Material provided:
★ ★ ★ ★ ★
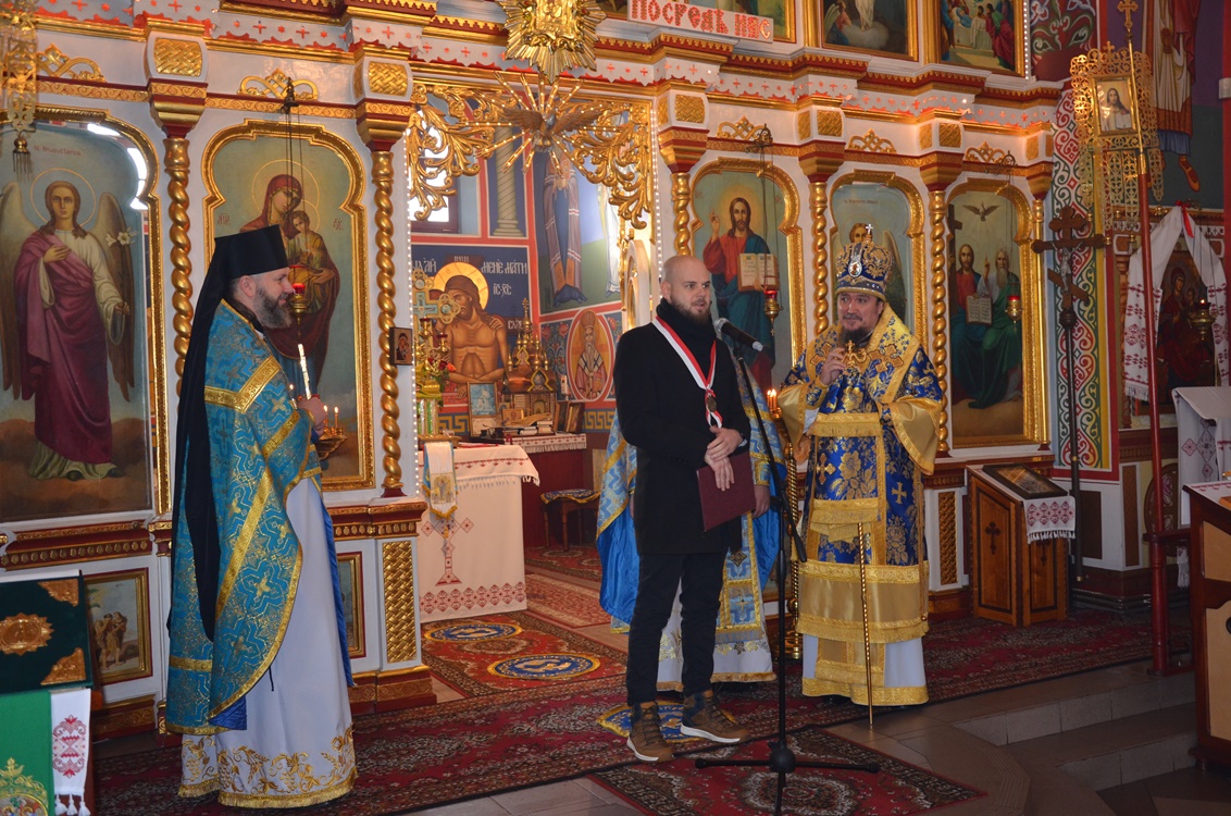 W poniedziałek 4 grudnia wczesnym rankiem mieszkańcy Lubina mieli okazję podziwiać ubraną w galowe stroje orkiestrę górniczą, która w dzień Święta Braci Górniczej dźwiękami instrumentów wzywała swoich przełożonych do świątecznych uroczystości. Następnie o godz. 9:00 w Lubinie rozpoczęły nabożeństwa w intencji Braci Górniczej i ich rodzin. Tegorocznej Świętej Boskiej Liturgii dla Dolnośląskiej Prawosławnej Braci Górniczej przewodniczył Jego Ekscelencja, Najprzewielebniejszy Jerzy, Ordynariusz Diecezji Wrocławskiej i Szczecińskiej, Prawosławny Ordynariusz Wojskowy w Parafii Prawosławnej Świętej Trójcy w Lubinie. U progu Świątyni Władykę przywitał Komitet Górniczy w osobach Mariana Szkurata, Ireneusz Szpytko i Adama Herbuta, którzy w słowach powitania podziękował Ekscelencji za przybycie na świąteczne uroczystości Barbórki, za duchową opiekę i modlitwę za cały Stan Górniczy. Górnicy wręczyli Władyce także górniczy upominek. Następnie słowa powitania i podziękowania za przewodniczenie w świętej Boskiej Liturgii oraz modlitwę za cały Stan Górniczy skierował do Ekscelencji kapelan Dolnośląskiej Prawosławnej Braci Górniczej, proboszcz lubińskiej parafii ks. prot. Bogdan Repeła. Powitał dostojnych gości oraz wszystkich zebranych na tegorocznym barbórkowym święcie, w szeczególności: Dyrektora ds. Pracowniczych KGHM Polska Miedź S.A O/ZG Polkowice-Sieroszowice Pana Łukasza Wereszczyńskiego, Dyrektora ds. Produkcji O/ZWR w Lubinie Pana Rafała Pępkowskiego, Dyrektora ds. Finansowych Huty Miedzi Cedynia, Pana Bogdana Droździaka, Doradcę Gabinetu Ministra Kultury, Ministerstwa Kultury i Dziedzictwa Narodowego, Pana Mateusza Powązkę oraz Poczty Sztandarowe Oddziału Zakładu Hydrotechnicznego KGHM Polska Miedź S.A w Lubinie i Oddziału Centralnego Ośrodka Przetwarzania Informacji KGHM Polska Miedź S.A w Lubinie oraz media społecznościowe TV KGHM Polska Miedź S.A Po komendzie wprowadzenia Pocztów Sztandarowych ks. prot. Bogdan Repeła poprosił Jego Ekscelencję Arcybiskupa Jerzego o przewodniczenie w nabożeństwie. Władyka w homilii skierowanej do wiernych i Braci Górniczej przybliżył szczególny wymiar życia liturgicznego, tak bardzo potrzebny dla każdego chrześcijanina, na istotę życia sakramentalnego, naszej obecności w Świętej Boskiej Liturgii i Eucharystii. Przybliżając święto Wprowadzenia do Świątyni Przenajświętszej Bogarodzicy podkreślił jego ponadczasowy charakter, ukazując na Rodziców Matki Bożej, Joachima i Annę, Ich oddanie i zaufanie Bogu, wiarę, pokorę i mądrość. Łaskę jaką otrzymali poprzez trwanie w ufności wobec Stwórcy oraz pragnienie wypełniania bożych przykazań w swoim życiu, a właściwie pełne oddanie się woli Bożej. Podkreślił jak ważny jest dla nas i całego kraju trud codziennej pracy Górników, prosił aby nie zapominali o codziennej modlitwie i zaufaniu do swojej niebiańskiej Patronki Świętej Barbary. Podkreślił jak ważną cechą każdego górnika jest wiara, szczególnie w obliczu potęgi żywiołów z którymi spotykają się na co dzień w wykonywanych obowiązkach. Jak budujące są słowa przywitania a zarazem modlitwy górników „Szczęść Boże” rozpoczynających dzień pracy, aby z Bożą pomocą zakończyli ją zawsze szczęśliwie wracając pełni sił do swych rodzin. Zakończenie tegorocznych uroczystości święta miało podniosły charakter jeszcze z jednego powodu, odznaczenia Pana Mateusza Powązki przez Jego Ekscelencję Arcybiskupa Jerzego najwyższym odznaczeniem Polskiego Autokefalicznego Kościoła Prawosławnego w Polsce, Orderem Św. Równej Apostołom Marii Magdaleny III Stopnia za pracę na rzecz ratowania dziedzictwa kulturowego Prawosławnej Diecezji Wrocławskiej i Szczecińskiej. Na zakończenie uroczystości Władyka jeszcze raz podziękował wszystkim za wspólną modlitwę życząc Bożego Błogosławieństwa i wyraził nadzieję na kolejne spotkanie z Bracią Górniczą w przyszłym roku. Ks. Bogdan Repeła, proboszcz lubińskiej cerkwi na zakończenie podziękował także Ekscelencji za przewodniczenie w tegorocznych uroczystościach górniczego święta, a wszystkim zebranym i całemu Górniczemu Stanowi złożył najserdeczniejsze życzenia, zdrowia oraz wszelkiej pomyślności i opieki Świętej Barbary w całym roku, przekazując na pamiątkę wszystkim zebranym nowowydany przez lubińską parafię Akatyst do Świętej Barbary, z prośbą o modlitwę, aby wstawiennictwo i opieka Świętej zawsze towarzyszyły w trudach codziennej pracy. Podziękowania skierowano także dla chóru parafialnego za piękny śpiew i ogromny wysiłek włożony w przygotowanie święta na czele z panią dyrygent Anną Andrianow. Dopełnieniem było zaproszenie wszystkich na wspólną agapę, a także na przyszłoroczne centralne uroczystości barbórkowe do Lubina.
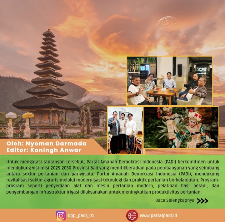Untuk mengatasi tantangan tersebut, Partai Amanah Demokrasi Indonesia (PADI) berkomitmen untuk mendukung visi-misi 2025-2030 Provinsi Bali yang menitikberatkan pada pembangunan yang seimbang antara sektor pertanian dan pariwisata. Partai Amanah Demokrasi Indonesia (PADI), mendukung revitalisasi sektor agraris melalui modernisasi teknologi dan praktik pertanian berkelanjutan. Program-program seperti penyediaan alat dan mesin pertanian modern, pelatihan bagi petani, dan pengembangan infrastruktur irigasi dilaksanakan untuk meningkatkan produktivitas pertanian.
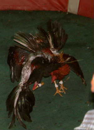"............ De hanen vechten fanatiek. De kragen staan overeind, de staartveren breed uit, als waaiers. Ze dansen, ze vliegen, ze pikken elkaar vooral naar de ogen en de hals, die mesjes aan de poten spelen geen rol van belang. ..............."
★ ★ ★ ★ ★
Action item:
Set down all of the material word for word, minus its pictures.

Exercise response:
 W poniedziałek 4 grudnia wczesnym rankiem mieszkańcy Lubina mieli okazję podziwiać ubraną w galowe stroje orkiestrę górniczą, która w dzień Święta Braci Górniczej dźwiękami instrumentów wzywała swoich przełożonych do świątecznych uroczystości. Następnie o godz. 9:00 w Lubinie rozpoczęły nabożeństwa w intencji Braci Górniczej i ich rodzin. Tegorocznej Świętej Boskiej Liturgii dla Dolnośląskiej Prawosławnej Braci Górniczej przewodniczył Jego Ekscelencja, Najprzewielebniejszy Jerzy, Ordynariusz Diecezji Wrocławskiej i Szczecińskiej, Prawosławny Ordynariusz Wojskowy w Parafii Prawosławnej Świętej Trójcy w Lubinie. U progu Świątyni Władykę przywitał Komitet Górniczy w osobach Mariana Szkurata, Ireneusz Szpytko i Adama Herbuta, którzy w słowach powitania podziękował Ekscelencji za przybycie na świąteczne uroczystości Barbórki, za duchową opiekę i modlitwę za cały Stan Górniczy. Górnicy wręczyli Władyce także górniczy upominek. Następnie słowa powitania i podziękowania za przewodniczenie w świętej Boskiej Liturgii oraz modlitwę za cały Stan Górniczy skierował do Ekscelencji kapelan Dolnośląskiej Prawosławnej Braci Górniczej, proboszcz lubińskiej parafii ks. prot. Bogdan Repeła. Powitał dostojnych gości oraz wszystkich zebranych na tegorocznym barbórkowym święcie, w szeczególności: Dyrektora ds. Pracowniczych KGHM Polska Miedź S.A O/ZG Polkowice-Sieroszowice Pana Łukasza Wereszczyńskiego, Dyrektora ds. Produkcji O/ZWR w Lubinie Pana Rafała Pępkowskiego, Dyrektora ds. Finansowych Huty Miedzi Cedynia, Pana Bogdana Droździaka, Doradcę Gabinetu Ministra Kultury, Ministerstwa Kultury i Dziedzictwa Narodowego, Pana Mateusza Powązkę oraz Poczty Sztandarowe Oddziału Zakładu Hydrotechnicznego KGHM Polska Miedź S.A w Lubinie i Oddziału Centralnego Ośrodka Przetwarzania Informacji KGHM Polska Miedź S.A w Lubinie oraz media społecznościowe TV KGHM Polska Miedź S.A Po komendzie wprowadzenia Pocztów Sztandarowych ks. prot. Bogdan Repeła poprosił Jego Ekscelencję Arcybiskupa Jerzego o przewodniczenie w nabożeństwie. Władyka w homilii skierowanej do wiernych i Braci Górniczej przybliżył szczególny wymiar życia liturgicznego, tak bardzo potrzebny dla każdego chrześcijanina, na istotę życia sakramentalnego, naszej obecności w Świętej Boskiej Liturgii i Eucharystii. Przybliżając święto Wprowadzenia do Świątyni Przenajświętszej Bogarodzicy podkreślił jego ponadczasowy charakter, ukazując na Rodziców Matki Bożej, Joachima i Annę, Ich oddanie i zaufanie Bogu, wiarę, pokorę i mądrość. Łaskę jaką otrzymali poprzez trwanie w ufności wobec Stwórcy oraz pragnienie wypełniania bożych przykazań w swoim życiu, a właściwie pełne oddanie się woli Bożej. Podkreślił jak ważny jest dla nas i całego kraju trud codziennej pracy Górników, prosił aby nie zapominali o codziennej modlitwie i zaufaniu do swojej niebiańskiej Patronki Świętej Barbary. Podkreślił jak ważną cechą każdego górnika jest wiara, szczególnie w obliczu potęgi żywiołów z którymi spotykają się na co dzień w wykonywanych obowiązkach. Jak budujące są słowa przywitania a zarazem modlitwy górników „Szczęść Boże” rozpoczynających dzień pracy, aby z Bożą pomocą zakończyli ją zawsze szczęśliwie wracając pełni sił do swych rodzin. Zakończenie tegorocznych uroczystości święta miało podniosły charakter jeszcze z jednego powodu, odznaczenia Pana Mateusza Powązki przez Jego Ekscelencję Arcybiskupa Jerzego najwyższym odznaczeniem Polskiego Autokefalicznego Kościoła Prawosławnego w Polsce, Orderem Św. Równej Apostołom Marii Magdaleny III Stopnia za pracę na rzecz ratowania dziedzictwa kulturowego Prawosławnej Diecezji Wrocławskiej i Szczecińskiej. Na zakończenie uroczystości Władyka jeszcze raz podziękował wszystkim za wspólną modlitwę życząc Bożego Błogosławieństwa i wyraził nadzieję na kolejne spotkanie z Bracią Górniczą w przyszłym roku. Ks. Bogdan Repeła, proboszcz lubińskiej cerkwi na zakończenie podziękował także Ekscelencji za przewodniczenie w tegorocznych uroczystościach górniczego święta, a wszystkim zebranym i całemu Górniczemu Stanowi złożył najserdeczniejsze życzenia, zdrowia oraz wszelkiej pomyślności i opieki Świętej Barbary w całym roku, przekazując na pamiątkę wszystkim zebranym nowowydany przez lubińską parafię Akatyst do Świętej Barbary, z prośbą o modlitwę, aby wstawiennictwo i opieka Świętej zawsze towarzyszyły w trudach codziennej pracy. Podziękowania skierowano także dla chóru parafialnego za piękny śpiew i ogromny wysiłek włożony w przygotowanie święta na czele z panią dyrygent Anną Andrianow. Dopełnieniem było zaproszenie wszystkich na wspólną agapę, a także na przyszłoroczne centralne uroczystości barbórkowe do Lubina.
Untuk mengatasi tantangan tersebut, Partai Amanah Demokrasi Indonesia (PADI) berkomitmen untuk mendukung visi-misi 2025-2030 Provinsi Bali yang menitikberatkan pada pembangunan yang seimbang antara sektor pertanian dan pariwisata. Partai Amanah Demokrasi Indonesia (PADI), mendukung revitalisasi sektor agraris melalui modernisasi teknologi dan praktik pertanian berkelanjutan. Program-program seperti penyediaan alat dan mesin pertanian modern, pelatihan bagi petani, dan pengembangan infrastruktur irigasi dilaksanakan untuk meningkatkan produktivitas pertanian.
"............ De hanen vechten fanatiek. De kragen staan overeind, de staartveren breed uit, als waaiers. Ze dansen, ze vliegen, ze pikken elkaar vooral naar de ogen en de hals, die mesjes aan de poten spelen geen rol van belang. ..............."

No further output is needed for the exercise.